Des termites pour nourrir les porcs, la volaille et les poissons

L’utilisation des termites pour nourrir les animaux a été observée dans plusieurs pays.

Au Burkina Faso, les termites sont récoltés grâce à des petites calebasses qui sont astucieusement remplies avec du vieux fumier humide, des noyaux de mangue et d’autres matières organiques, puis qui sont enterrées (van Huis, 1996). Trois ou quatre semaines plus tard, les calebasses sont déterrées et leur contenu – plein de termites – est donné à la volaille. De telles méthodes sont surtout importantes en fin de saison sèche lorsque la nourriture est rare (Iroko, 1982). Farina, Demey et Hardouin (1991) ont montré comment des termites sont donnés à des pintades et des poulets dans les villages du Togo avec des techniques comparables à celles en usage au Burkina Faso. Des termites ailés capturés lors de l’essaimage ont été donnés à des poulets bankiva en Inde ainsi qu’à des autruches dans des fermes d’élevage d’un bout à l’autre de l’Afrique (Pearce, 1997).

Champignons de termitières

En plus des termites, diverses espèces de champignons poussant sur les termitières sont régulièrement consommées dans de nombreux pays tropicaux. Les champignons récoltés dans la nature constituent des compléments alimentaires importants pour les populations locales et ont aussi un rôle dans les traditions culturelles.
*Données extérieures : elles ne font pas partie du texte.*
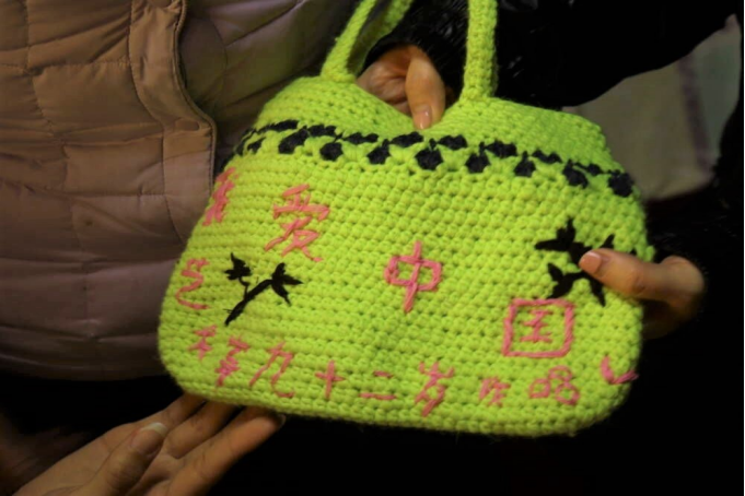 一只被吴文清奶奶珍藏的、绣有“我爱中国”字样的毛线包
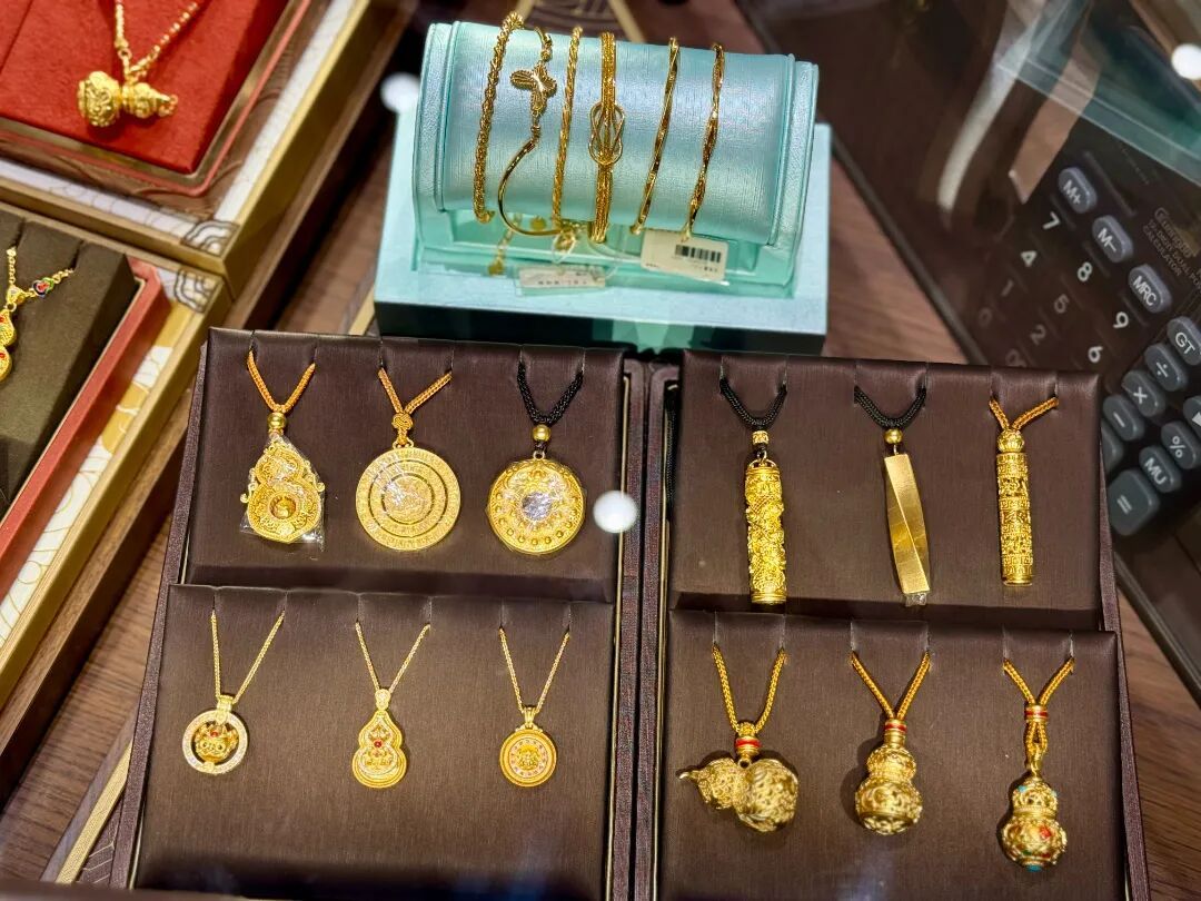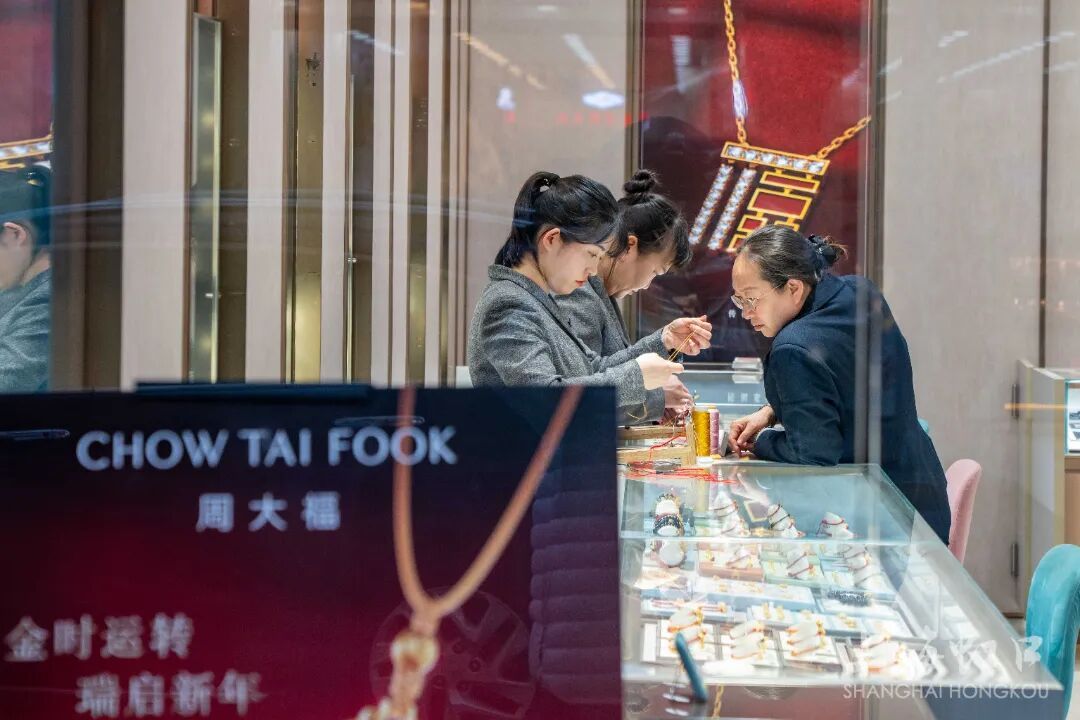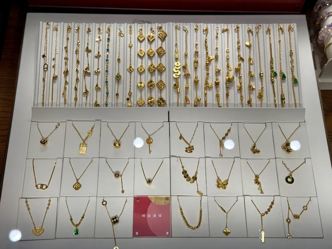 在瑞虹新天地太阳宫的谢瑞麟专柜,店长林云向记者展示柜台陈列的高工艺金饰。“店内目前‘一口价’饰品和高工艺黄金饰品卖得较好。”林云表示,在如今金价普遍走高的情况下,消费者更倾向于购买“小而美、重设计”的产品,这类产品往往采用“一口价”销售。

Dans de nombreuses régions d’Afrique, on trouve couramment des champignons au marché, et ils sont aussi conservés pour être consommés pendant la saison sèche froide (Parent et Thoen, 1977).
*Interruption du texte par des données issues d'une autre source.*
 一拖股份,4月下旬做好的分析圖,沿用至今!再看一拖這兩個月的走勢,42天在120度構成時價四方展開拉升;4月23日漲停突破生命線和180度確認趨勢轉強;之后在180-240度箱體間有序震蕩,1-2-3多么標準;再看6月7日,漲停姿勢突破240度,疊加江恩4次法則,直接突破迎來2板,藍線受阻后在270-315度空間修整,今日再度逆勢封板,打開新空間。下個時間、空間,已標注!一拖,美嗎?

Au Nigéria, les guérisseurs traditionnels yoroubas utilisent de nombreuses espèces du genre Termitomyces (Lyophyllaceae) comme remèdes ou comme envoûtements. Ces champignons tiennent aussi leur place dans le folklore et les mythes (Oso, 1977).

Les champignons appartenant au genre Termitomyces s’élèvent directement des

«peignes» fongiques dans la termitière (Zoberi, 1973). Les noms locaux de ces cham-pignons sont souvent dérivés des noms locaux des termites. En Ouganda, par exemple, les nyoros appellent obunyanaka les champignons qui poussent sur les termitières des termites appelés enaka, alors que les champignons obunyantaike poussent sur les termitières des termites entaike. Les carpophores des espèces du genre Termitomyces sont

de grandes dimensions (jusqu’à 80 cm de diamètre), à l’exception de T. microcarpus qui ne font que de 0,5 à 2 cm de diamètre (Parent et Thoen, 1977); on trouve cette dernière espèce en Afrique de l’Ouest et en Afrique du Sud (Skelton et Matanganyidze, 1981).